NTSB investigators either traveled in support of this investigation or conducted a significant amount of investigative work without any travel, and used data obtained from various sources to prepare this aircraft accident report.

Two float-equipped, high-wing airplanes, a Cessna 206 and a Cessna 180, collided in midair in day visual meteorological conditions near a remote lake, which was the destination for both airplanes. The Cessna 206 pilot stated that he was maneuvering for landing after completing a right 270-degree turn, which positioned the airplane for a left downwind approach for landing to the northeast. The Cessna 180 was flying northbound and presumably also on a left downwind approach for landing to the northeast. The airplanes were about 900 feet above ground level when the collision occurred. The pilot of the Cessna 206 said he saw the Cessna 180 approaching from the right, and he made an immediate climbing left turn just before the collision. The Cessna 180 descended vertically to the ground. The Cessna 206 continued to fly and landed safely with the outboard portion of the Cessna 180’s left wing entangled in its floats. Neither pilot was in communication with any air traffic control facility. The airplanes were operating in uncontrolled airspace.

The Cessna 206 pilot reported that he was monitoring 122.8 MHz, the common traffic advisory frequency (CTAF) for the area. A pilot-rated relative of the Cessna 180 pilot said the pilot monitored 122.9 MHz on previous flights, which was the MULTICOM frequency used for off-airport operations.

A review of Federal Aviation Administration-approved CTAF radio frequencies used in the area revealed equivocal language regarding which CTAF radio frequency should be used. Additionally, due to a high concentration of aerodromes in the area, many of the frequency boundaries overlap.

Given the reports of the radio frequencies that were monitored by both pilots, it is likely that, had both pilots been announcing their intentions on the same frequency, both pilots would have had increased awareness of the presence of the other airplane.
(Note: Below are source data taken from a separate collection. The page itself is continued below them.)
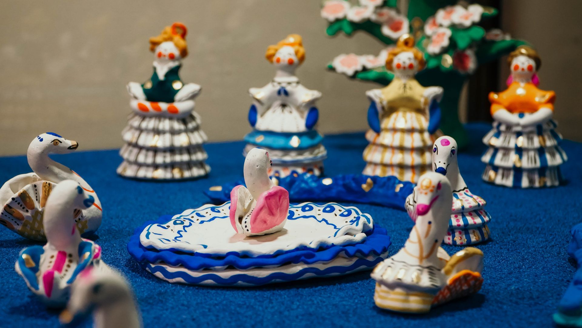— Среди них белые лебеди и главная героиня – принцесса Одетта. Ротбарт, колдун, в образе человека с головой петуха. Черный лебедь - Одиллия. Барыни в плиссированных белых юбках - балерины в пачках. Объединяющим элементом композиции выступает озеро с берегами, выполненное из традиционных дымковских лепных оборок, — поделились в музее.
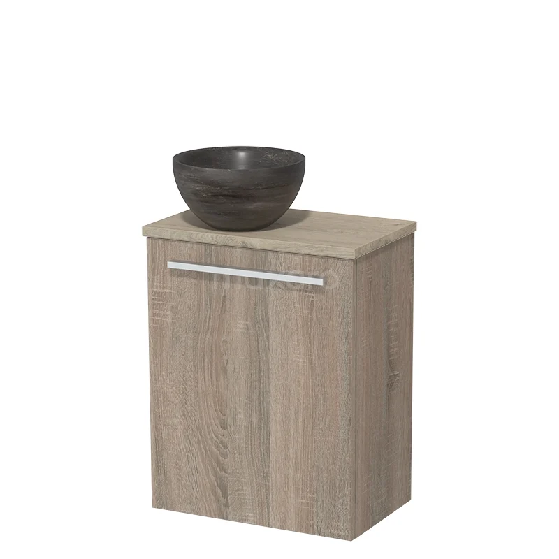 WC-Möbel mit Aufsatzwaschbecken | 41 cm Eiche glatte Front Blaustein Naturstein Aufsatzwaschbecken hellgraue Eiche Platte
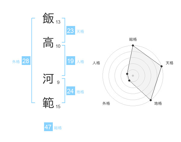 飯高 河範さんの総格は47画の5点!
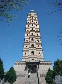 The eleven story, 53.9-metre (177 ft) tall, dodecagon-based, Haibao Pagoda (海宝塔) is made of brick and stone, also known as the Northern Pagoda (北塔). It is built on a square brick base, each side measuring 19.7 metres (65 ft) long and 5.7 metres (19 ft) high. It is composed of a pagoda base, a dense-eave body, and a thatsa.[2][7][8]

The National Transportation Safety Board determines the probable cause(s) of this accident to be:

The inadequate visual lookout and failure to see and avoid by the pilots of both airplanes while maneuvering to land, which resulted in a midair collision. Contributing to the accident was the lack of standardized, unequivocal procedures concerning common traffic advisory frequencies used in the area.